### Your instructions
Every line below needs to be transcribed without alteration, and no image may be carried over.

### Data excerpt
--*--
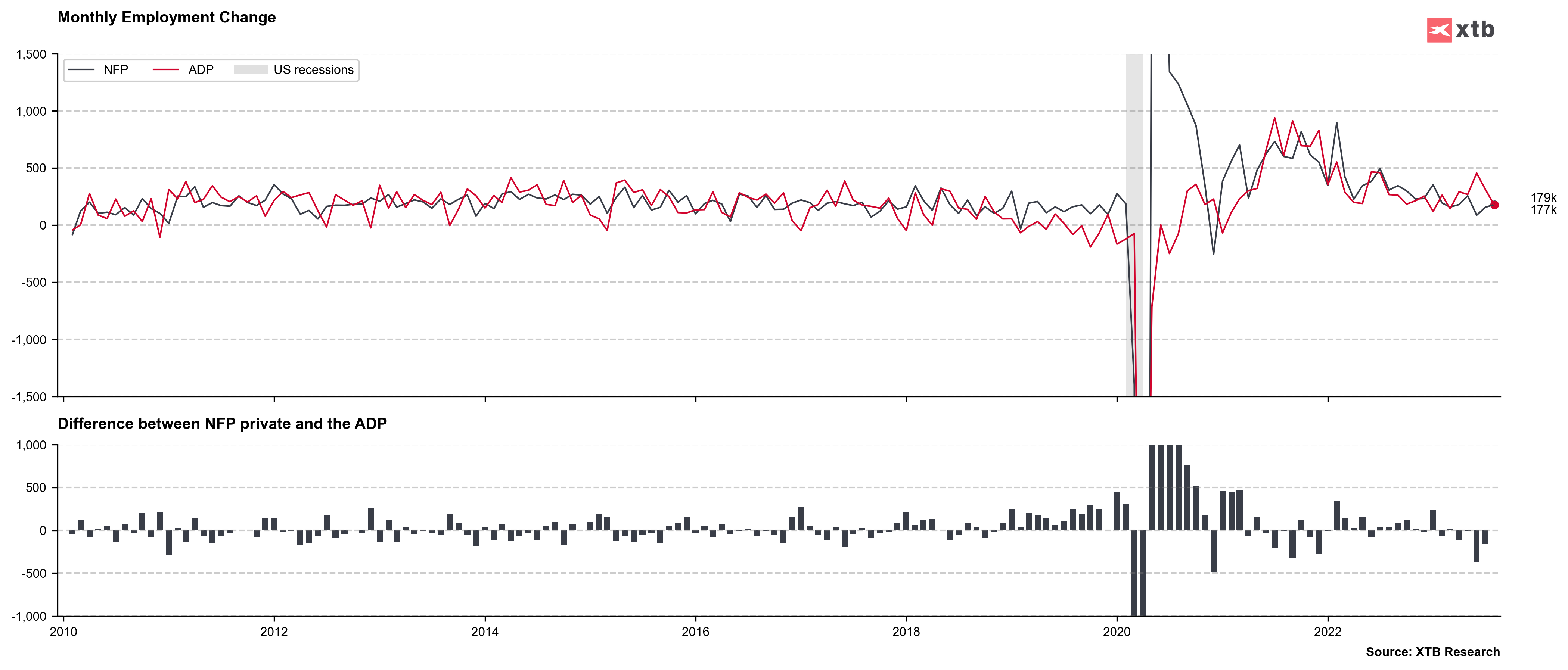Soukromá zpráva NFP vyšla za srpen téměř v souladu se zprávou ADP. Zdroj: Bloomberg Finance LP, XTB
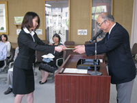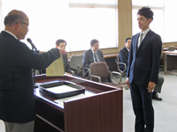 授与式では、塩田学長から奨学生一人ひとりに奨学生採用通知書が手渡された後、お祝いの言葉とともに「この奨学金には多くの方々の期待が込められています。皆さんが将来活躍するための励みにして頑張って下さい。」との激励がありました。
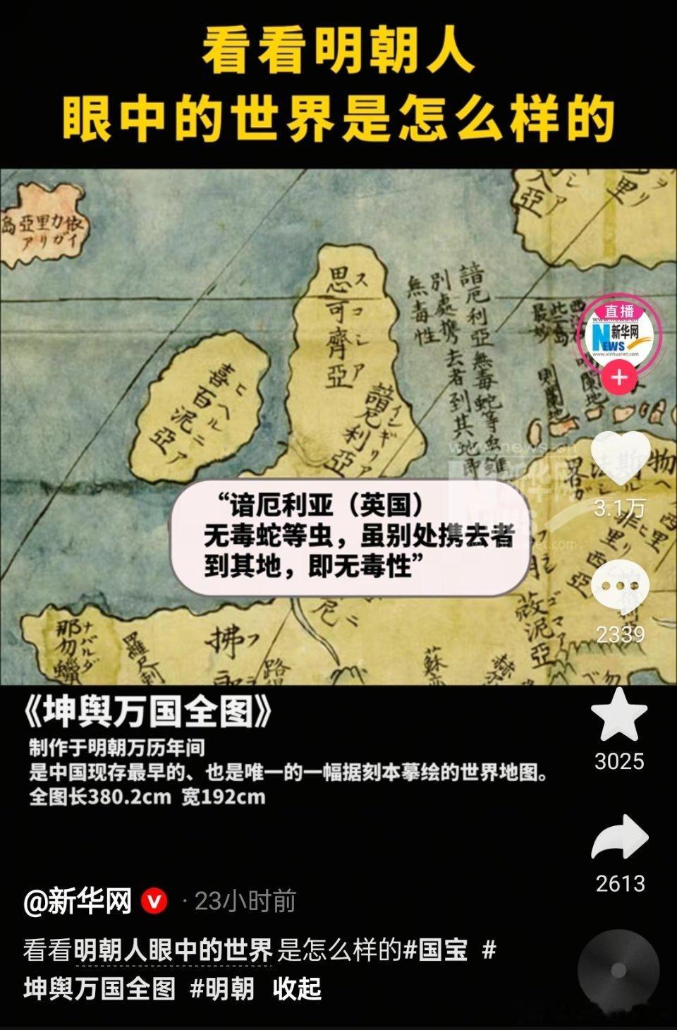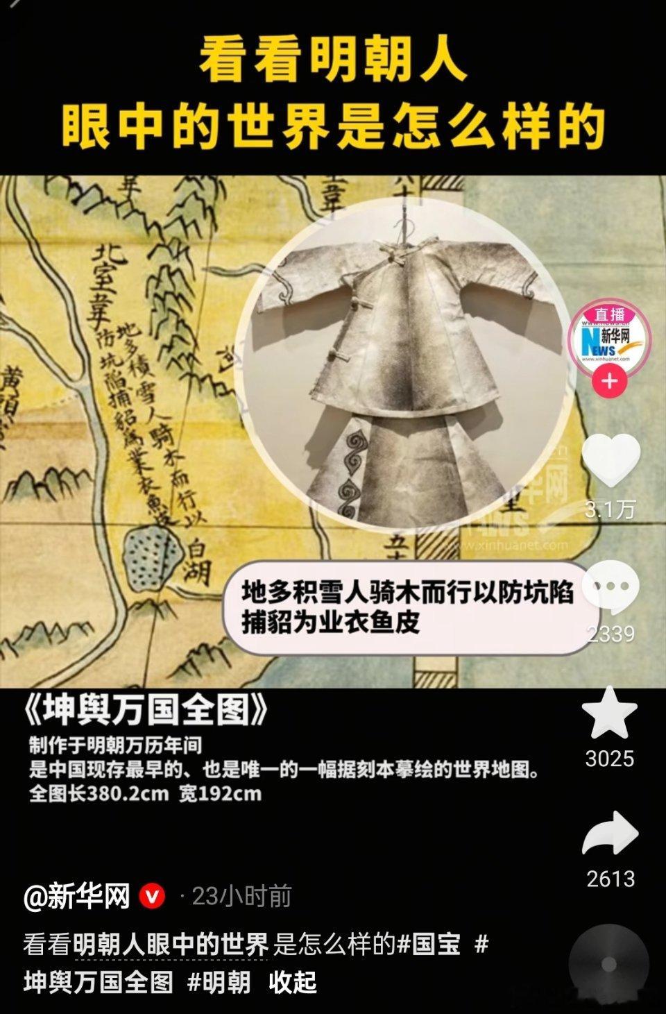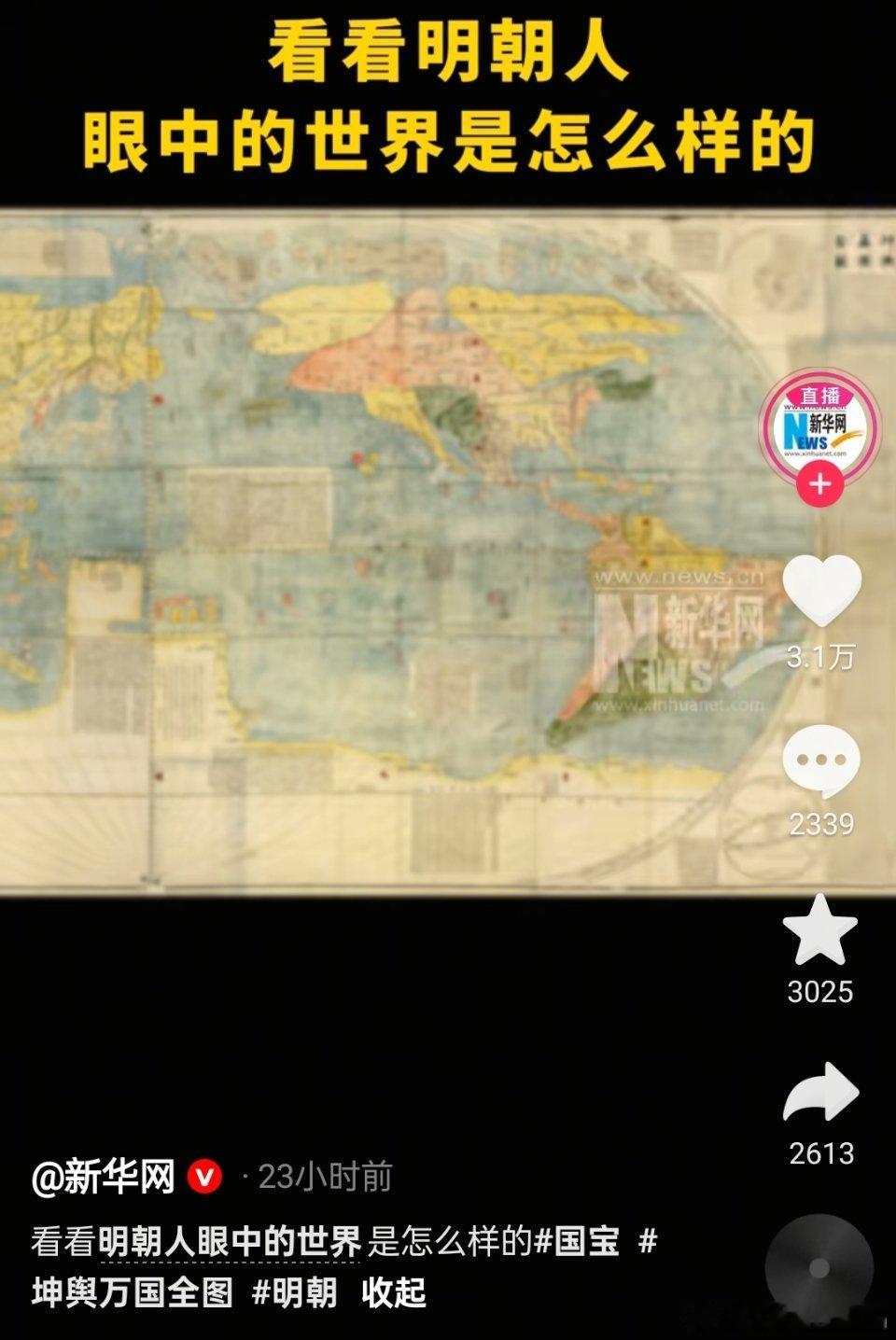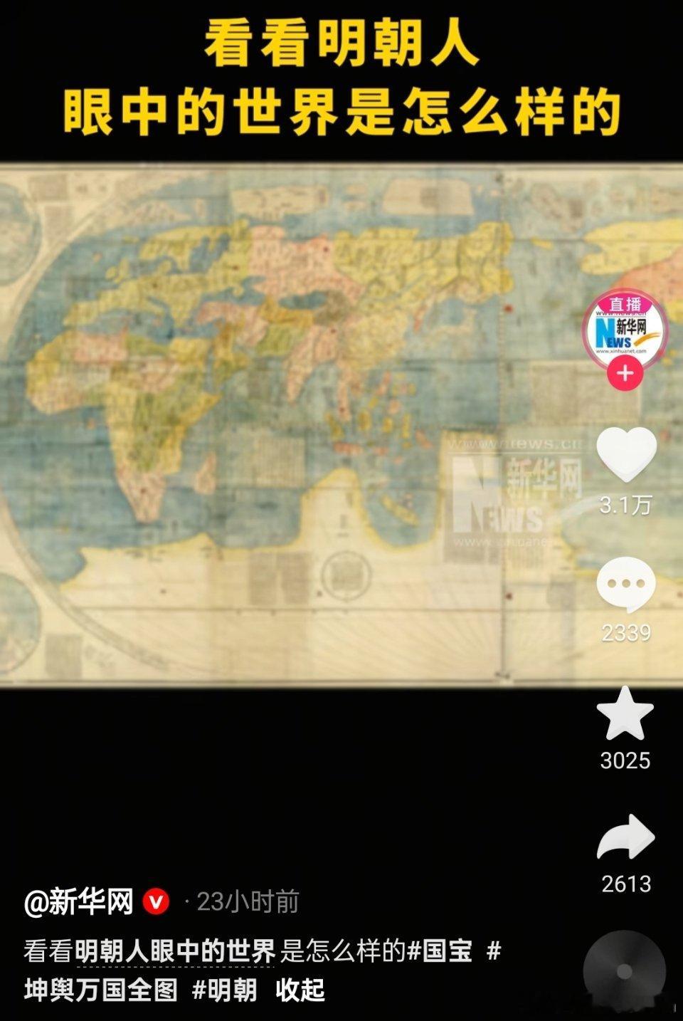 🔻新华网:《坤舆万国全图》制作于明朝万历年间,是中国现存最早的、也是唯一的一幅
--*--
### Result of this exercise
Soukromá zpráva NFP vyšla za srpen téměř v souladu se zprávou ADP. Zdroj: Bloomberg Finance LP, XTB
 授与式では、塩田学長から奨学生一人ひとりに奨学生採用通知書が手渡された後、お祝いの言葉とともに「この奨学金には多くの方々の期待が込められています。皆さんが将来活躍するための励みにして頑張って下さい。」との激励がありました。
 🔻新华网:《坤舆万国全图》制作于明朝万历年间,是中国现存最早的、也是唯一的一幅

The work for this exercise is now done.